Now when I think of protecting spiritual and mental energies, I use these analogies:

  1. Only light gets rid of darkness. Picture yourself as a huge lighthouse sending out positive light and love in all directions, everywhere you go, to everyone you meet, to every space you occupy, near and far.
  2. Stop being a negativity sponge, soaking it all up, allowing it to bloat you, and then waiting to either dry up or be squeezed out aggressively.

So instead of allowing the news, or anything else for that matter, depress me or dim my light, I think of ways to send love and positivity. Lighthouses help people find their way, help them feel safe and guided. When someone is experience darkness you do not go dark with them, you help them see light. Someone is unable to tell their family they love them today, I’ll make sure to tell mine. Someone is unable to hug their friend or sleep in a warm bed, I’ll be sure to be thankful and grateful every day, and pour love and happiness back into everyone and everything I can.

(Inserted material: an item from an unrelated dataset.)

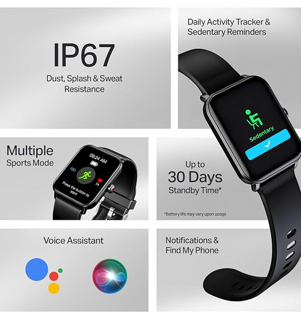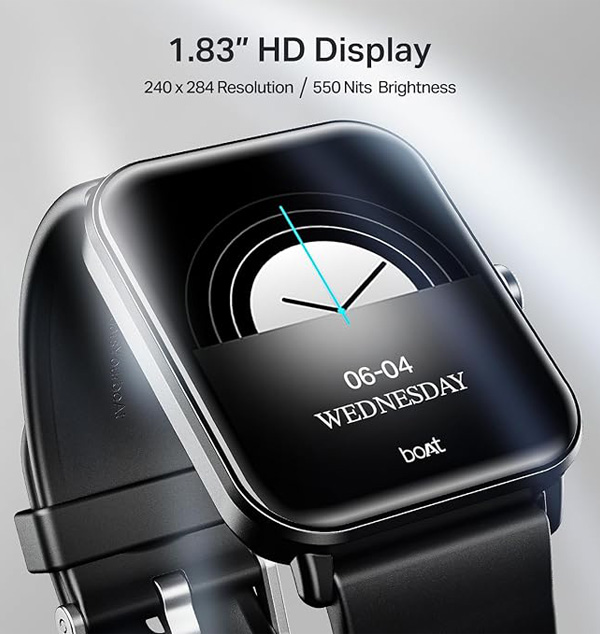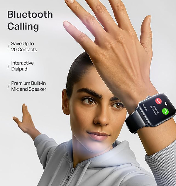 1.83â€HD Display with Wake Gesture: The large 4.64 cm (1.83â€) HD display stands out with 240x284 resolution and 500 nits brightness, offering a crystal-clear view even under bright sunlight—perfect for outdoor visibility. The wake gesture makes it super convenient to check time and updates. Functional Crown: Use the functional crown to scroll through menus or change watch faces with a simple twist or tap. It’s especially useful when your hands are wet or sweaty, or you're wearing gloves. Bluetooth Calling: With a premium built-in mic and speaker, conversations stay crisp whether you're on the move or chilling. Use the interactive dial pad and saved contacts to call without even pulling out your phone.

What’s in your life that you know you should have cut ties with a long time ago yet still haven’t? Filter out grudges, animosity, complaining, self-doubt, negative beliefs and comments about others, and instead filter in all things positive. Fill your mind with encouraging and loving words. The best way to protect yourself from negative energy is to be a source of positive energy yourself. My counseling professor said in class last week “Anytime you are talking about someone, speak as though they are standing right behind you” and it really put into perspective some things for me. It affirmed my belief that having the right mindset will serve as it’s own filter for what you put out into the universe.

It’s very important to create a foundation of awareness of the energy we’re encountering on a daily basis in our lives. We need to use our filter to cleanse, ground, and protect us from energies that are darker, heavier, and more negative.The better our filter is working, the more we become the people we strive to be; our best selves, living our best lives. If you don’t believe me, try it, watch your life blossom baby!